**INFORMATION SUPPLIED:**
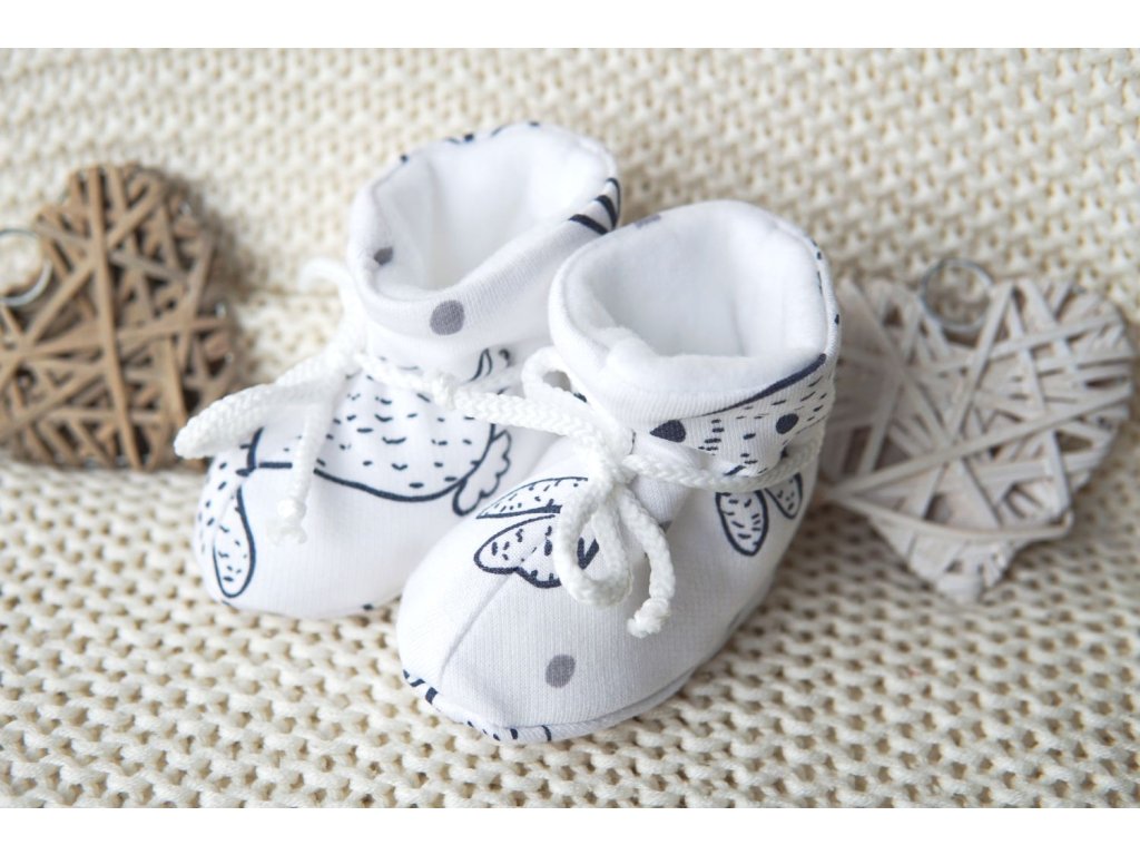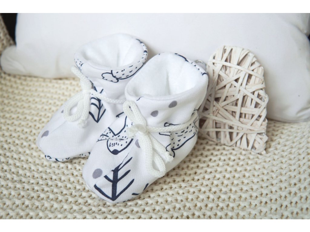 Bavlněné bačkůrky podšité fleecem bílé barvy. Zavazování na šňůrky přes nožku. Kouzelný potisk zajíčka v lese. Teploučké, ochrání Vaše miminko před...
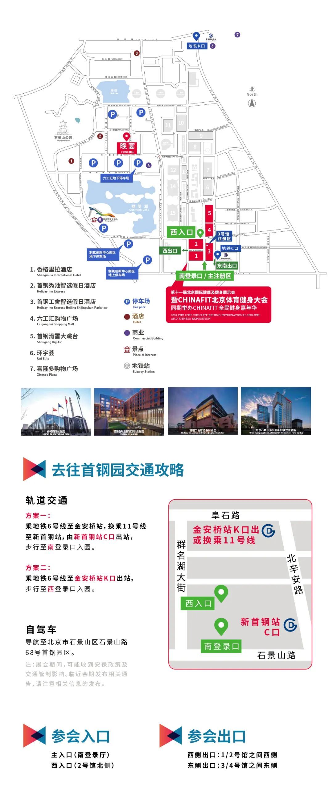 借助石景山首钢园室内外场地优势,大会设CF健身健美大会/CF体育消费品大会(1号馆)、CF瑜伽及普拉提大会/CF植物饮食大会(2号馆)、CF健身大会/CF运动康复大会(3号馆)、CF大会就餐区/北京大体协啦啦操大赛(4号馆)、CF青少儿体育大会/CF游泳及设施大会(5号馆)五大主题展馆,举办CBBA中国健美健身新人大赛、CBBA Pro中国健美健身精英职业联赛、DMS冠军经典赛、首都高等学校第七届健身舞蹈比赛、CHINAFIT团操盛典、CF瑜伽普拉提大会系列论坛、中国植物饮食大会及系列论坛等15项赛事活动和20场论坛及盛典,另外还设有30间教室,集展示、赛事、活动、交流、培训于一体,为体育行业提供良好的交流学习机会,全面推动大众健身热情及运动健康行业蓬勃发展。
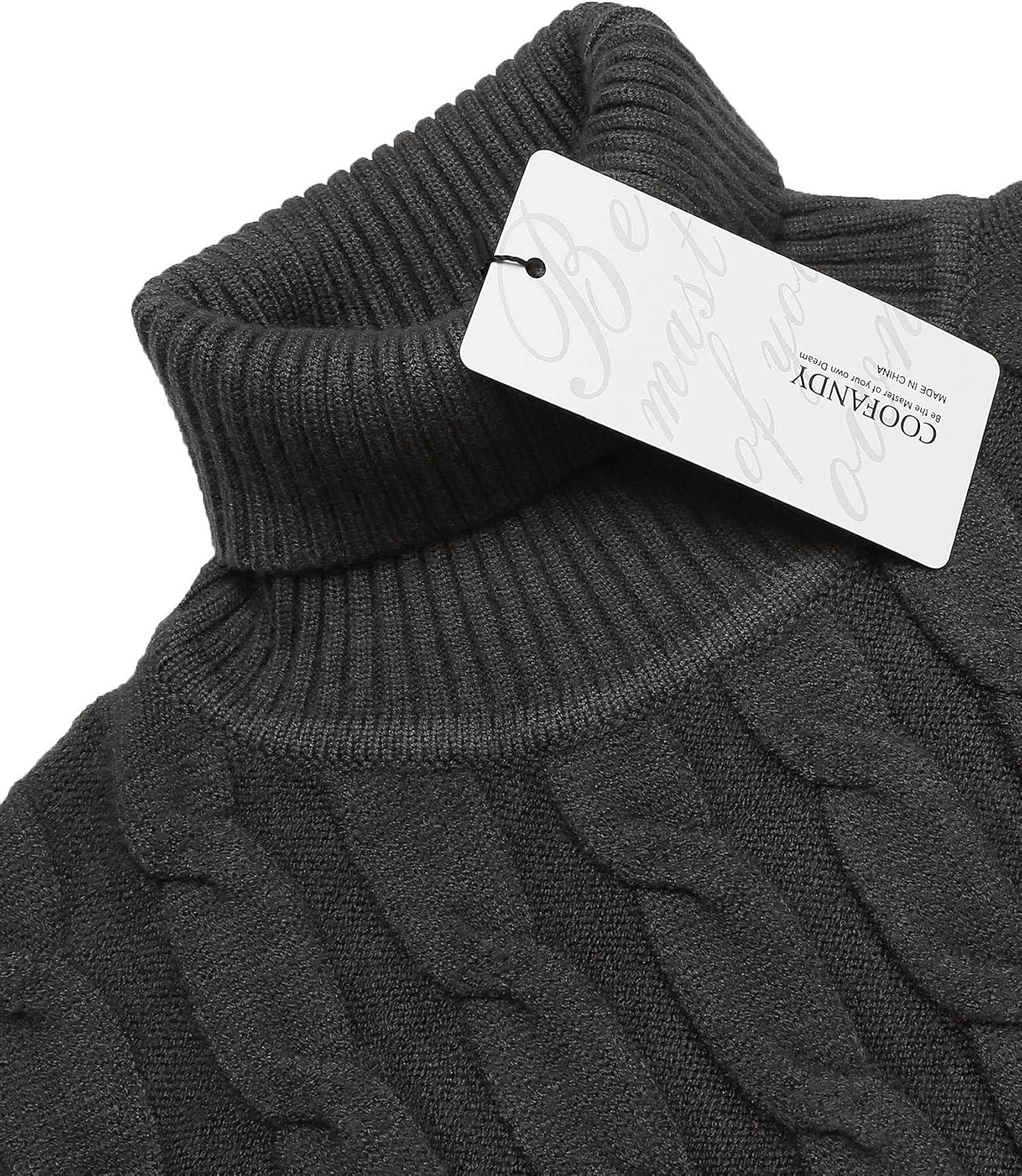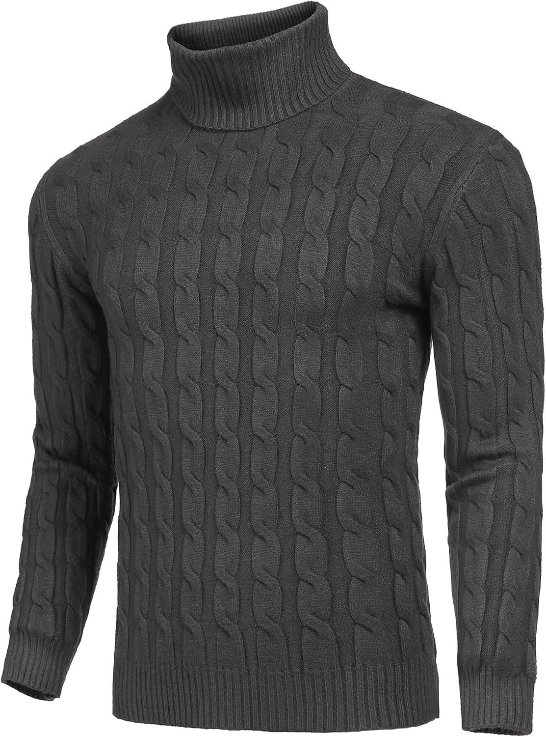 COOFANDY Men's Slim Fit Turtleneck Sweater Casual Twisted Knitted Pullover Sweaters(Charcoal Grey)

**WHAT IS EXPECTED:**
Pictures are to be left out. Otherwise, copy the material above exactly.

**FINISHED TASK:**
 Bavlněné bačkůrky podšité fleecem bílé barvy. Zavazování na šňůrky přes nožku. Kouzelný potisk zajíčka v lese. Teploučké, ochrání Vaše miminko před...
 借助石景山首钢园室内外场地优势,大会设CF健身健美大会/CF体育消费品大会(1号馆)、CF瑜伽及普拉提大会/CF植物饮食大会(2号馆)、CF健身大会/CF运动康复大会(3号馆)、CF大会就餐区/北京大体协啦啦操大赛(4号馆)、CF青少儿体育大会/CF游泳及设施大会(5号馆)五大主题展馆,举办CBBA中国健美健身新人大赛、CBBA Pro中国健美健身精英职业联赛、DMS冠军经典赛、首都高等学校第七届健身舞蹈比赛、CHINAFIT团操盛典、CF瑜伽普拉提大会系列论坛、中国植物饮食大会及系列论坛等15项赛事活动和20场论坛及盛典,另外还设有30间教室,集展示、赛事、活动、交流、培训于一体,为体育行业提供良好的交流学习机会,全面推动大众健身热情及运动健康行业蓬勃发展。
 COOFANDY Men's Slim Fit Turtleneck Sweater Casual Twisted Knitted Pullover Sweaters(Charcoal Grey)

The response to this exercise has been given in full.